My initial impetus came from the thoughts outlined in the blog here – A reason why kids don’t do programming any more? – and I thought instead of just moaning about it, why didn’t I get on and do something about it? As it happens the PLOT command was quite poorly supported at the start and, in any case, building BINSIC has made me wonder if there is really much point in teaching kids how to program in such an awful language (RaspberryPi promoters please note). On the other hand some parts of BASIC are enormously expressive – the INPUT and INKEY$ primitives really struck me in this way. Indeed, now PLOT and UNPLOT more or less work as expected (albeit on a stand-lone graphics pane) I have used BINSIC to write some “quick and dirty” plotting programs. But the graphics are crude and very chunky.

Anyway, have fun and let me know about bugs and comments.

Update: It’s important to add this is all free software (GPL version 3) and the source code is available at https://github.com/mcmenaminadrian.

6 thoughts on “Binsic Is Not Sinclair Instruction Code”
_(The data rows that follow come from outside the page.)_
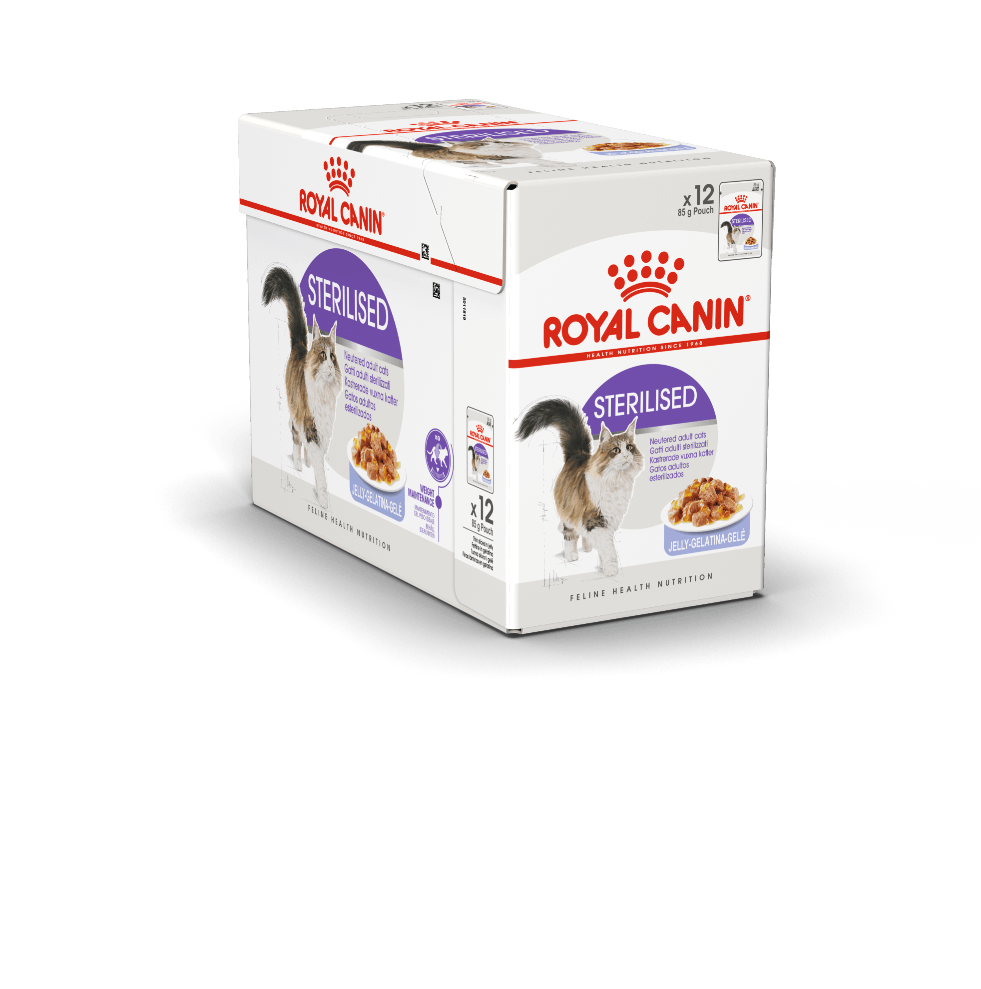 Royal Canin Sterilised Jelly on kissojen täysravinto, joka vastaa leikattujen kissojen ravintotarpeisiin. Tarkoitettu aikuisille kissoille.
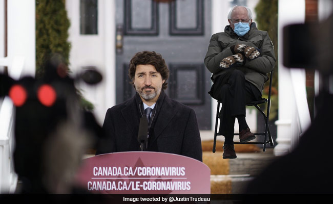 On Saturday, Trudeau posted a photo of himself giving a press conference from his lawn on Twitter, with the now famous image of a seated, mitten-clad Sanders superimposed in the background.
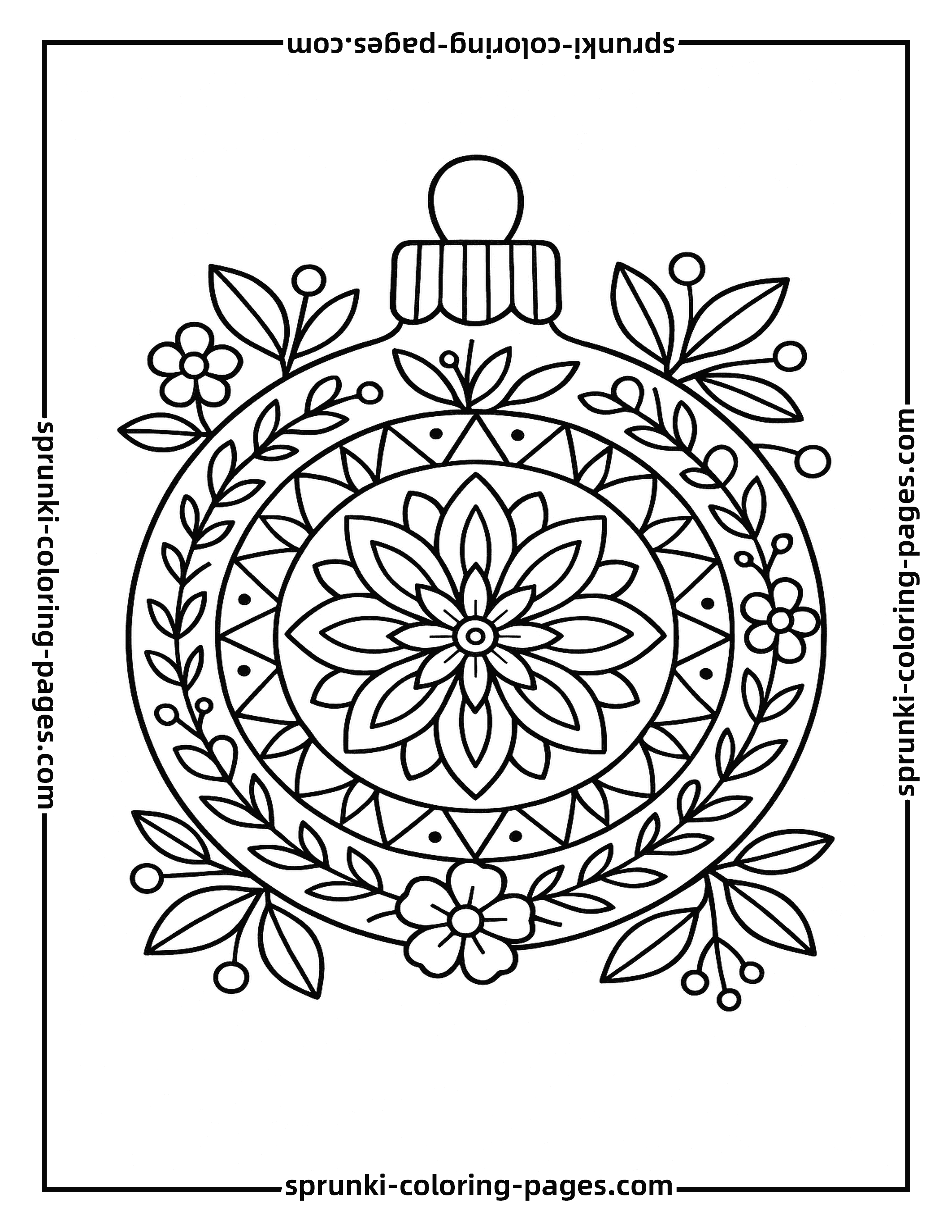 This Christmas Ornament Coloring Page for Adults features a holiday bauble with geometric mandala and floral patterns, perfect for sophisticated and artistic christmas coloring pages enjoyment.
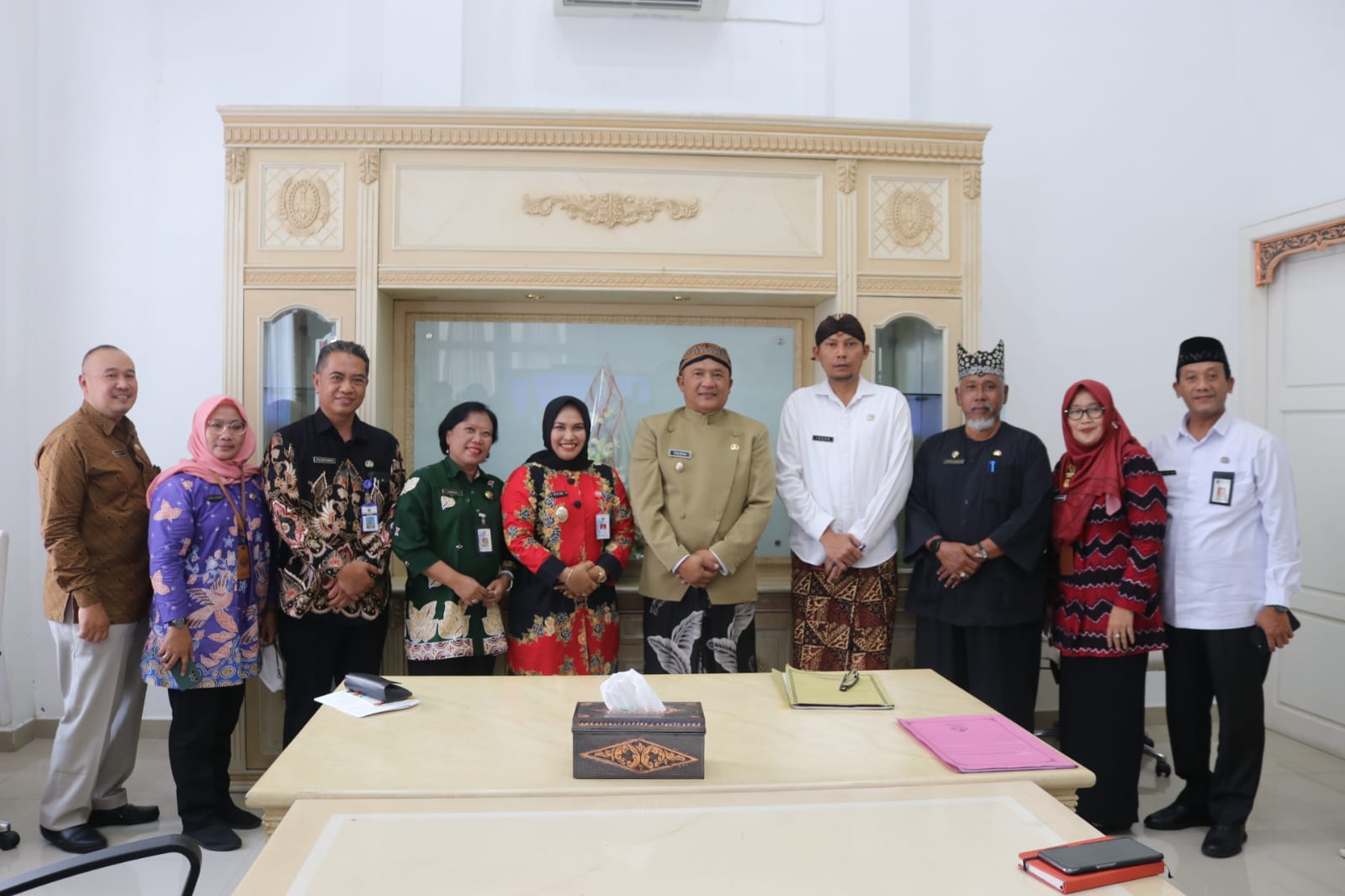 Wabup Tri Yuli beserta rombongan sesampainya di Gedung Putih Kantor Bupati Boyolali diterima oleh Wakil Bupati Boyolali, Wahyu Irawan. Selanjutnya diajak menuju ruang Sadewa untuk diskusi bersama soal pengelolaan data kemiskinan.
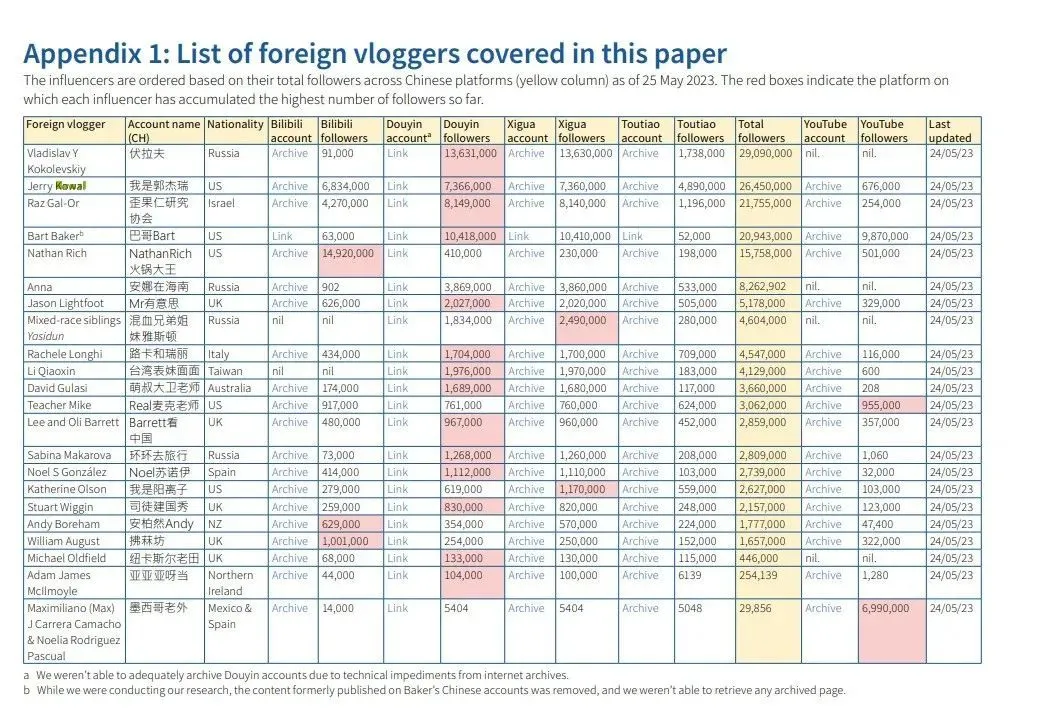 此外,文中還提到了高佑思、安柏然等其他在中國知名度較高的外國網紅,並在附錄中詳細列舉出了他們的賬號名稱和在不同平台的粉絲數。報告聲稱,這些網紅在中方的引導下逐漸壯大,成為用來對抗西方敍事的意見領袖。

  1. Correct me if i’m wrong; so BINSIC is not a DSL, but a interpreter of the BASIC language? You didn’t used stuff like ASTs and all that stuff?
    It’s pretty nice, anyway! Great work!

    1. Not quite. Most of it is parsing/interpretation, but also a good bit of it is code executed through an interpreter that extends the shell class and it uses the MOP etc, but on the other hand, none of the BASIC runs natively – though the only reason for that is the way Groovy handles capitalisation: otherwise I’d have a PRINT closure and so on. If you try that it fails unless you stick the arguments in parentheses which is not what BASIC demands.

  2. Hola, no consigo ejecutar el jar, me gustaria una guia de manejo. Soy un Fan del ZX81 y me interesa su interprete de Basic para programar basic.